SunGard and others construct and operate large recovery sites purpose-built to host client infrastructure and data. When disaster strikes, you show up on their doorstep ready to restore systems and resume operations. Costs are generally cheaper than managing your own DR facility since providers can maximize resources across a shared client base.
However, this method isn’t without risk. The biggest potential pitfall revolves around the “shared” nature inherent in the model. When a major incident impacts a broad area, multiple clients may be vying for those same DR resources simultaneously. If the provider underestimated demand or overcommitted capacity, your recovery may be degraded.
And while using shared hardware can work fine for testing, you’ll likely need similar configurations to production for doing actual recovery work. So while providers tout flexibility and customization, your options may be limited if you have very specific needs or unique environments.
Recover in the public cloud
The third option for housing your DR infrastructure is leveraging the public cloud. Market leaders like AWS and Azure offer seemingly limitless capacity that can scale to meet even huge demands when disaster strikes. Just as with normal operations, your compute and storage needs during recovery are available on demand.
The public cloud’s native scalability provides protection against the “oversubscription risk” present with traditional DR providers. Barring massive region-wide service disruption (which is rare), cloud providers have the excess reservoirs to handle spikes in client resource requests.
Another advantage here is cost and consumption flexibility. You only pay for the cloud infrastructure used during testing or actual recovery events. During normal “DR idle” mode where you’re just replicating backups, expenses are minimized. And unlike traditional providers, cloud capacity scales up or down to precisely match your needs – there’s no guessing about what you might require someday.

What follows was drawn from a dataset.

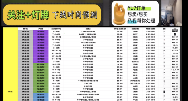 曾一度溢价上万元甚至叫到2万元的订单转让,如今却普遍折价。多位车商称,小米SU7订单回收价已跌至约1500元,YU7在2000—3000元左右,早期交5000元订金者转手即亏约3000元;就算2000元的回收价,也要花时间找买家。
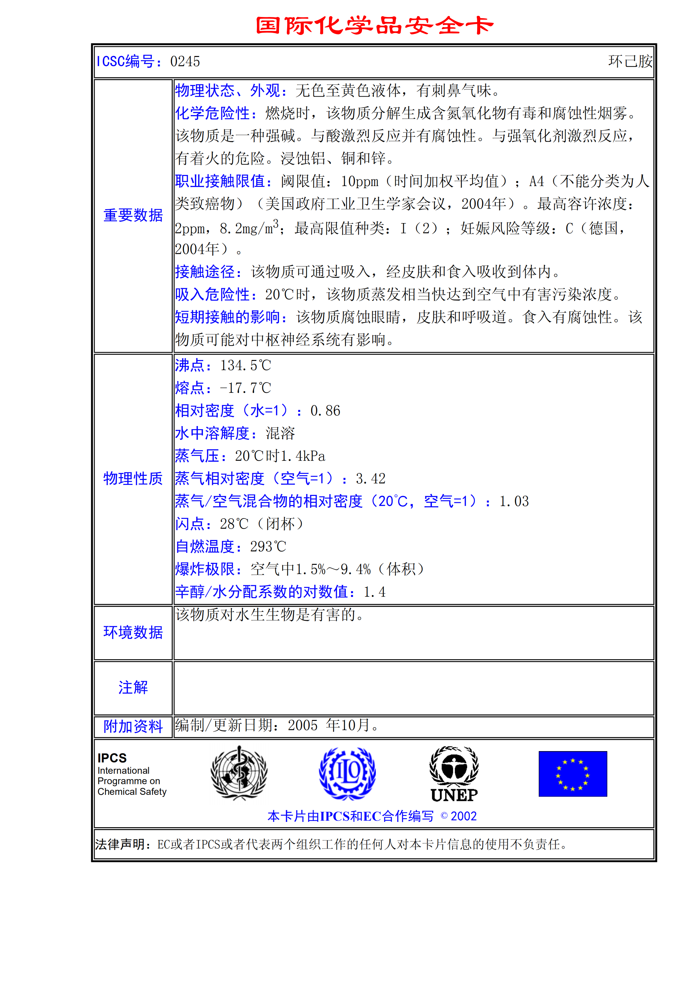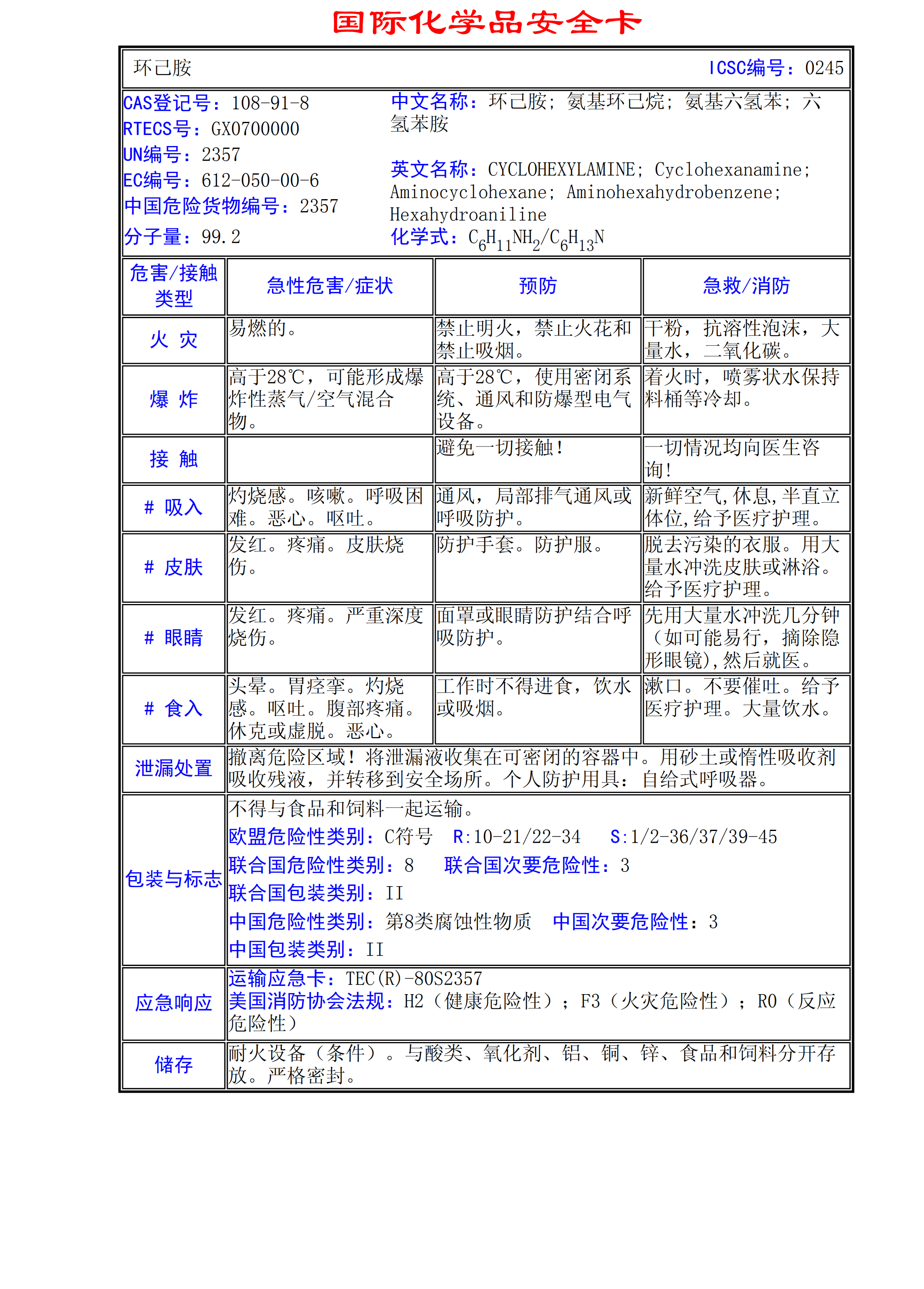 環己胺MSDS

This all serves to promote more rigorous and regular DR testing. Since spinning cloud servers up and down is fast and economical, tests that were cost- or resource-prohibitive become more feasible. You can validate that your latest backups boot quickly without consuming unnecessary capital. Testing frequency improves, and hence overall DR preparedness follows suit.
The cloud also lends itself well to infrastructure automation and scripting. Via tools that support infrastructure-as-code techniques, you can predefine server configs, resource provisioning logic, network topology and more. When it’s time to invoke DR, all the cloud construction can happen nearly automatically based on your templates and preferences. No manual intervention required.
The catch with cloud-based disaster recovery
Recovering operations in the public cloud isn’t without some caveats. The most obvious drawback compared to alternatives is that a network connection is implicitly always required back to the cloud provider’s data center. If local internet connectivity is disrupted due to the disaster, cloud access stalls.
Sometimes internet redundancy already exists, but if not, teams may need to pursue options like satellite network links to maintain that cloud lifeline when disaster strikes (yet another additional cost and setup complexity).
The other primary consideration surrounds managing DR data replication into the cloud account ahead of time. To launch production servers on demand later, you need to continuously pump backup data and VM images into cloud storage. Replication software, network bandwidth, and cloud storage to house all this data obviously doesn’t come for free.
Finally, some applications and databases that run smoothly on-prem may encounter hiccups operating in a cloud infrastructure environment. Allocating time to test finicky systems is key to surface any design flaws that could impede DR readiness when it counts most.
Adopting a culture of resilience
Constructing a comprehensive disaster recovery plan, no matter the approach, demands significant time, resources and ongoing budget. But skimping in this area heightens business risk far beyond the immediate expenditure. Data from the U.S. Federal Emergency Management Agency shows that around 40% of small businesses close permanently after suffering a disaster because they simply aren’t prepared to recover.
My advice after assisting countless companies in designing resilient cyber recovery programs boils down to this: Comprehensive readiness isn’t a project with a completion date. It’s an ingrained business philosophy that perseveres. Appoint DR planning owners, conduct failure scenarios, clearly define policies and document procedures. Make readiness checks and tests routine. Embrace disaster preparation as a standard cost of doing business in this modern age full of risk and uncertainty. A culture centered on resilience in the face of disaster or disturbance is key to survival and success.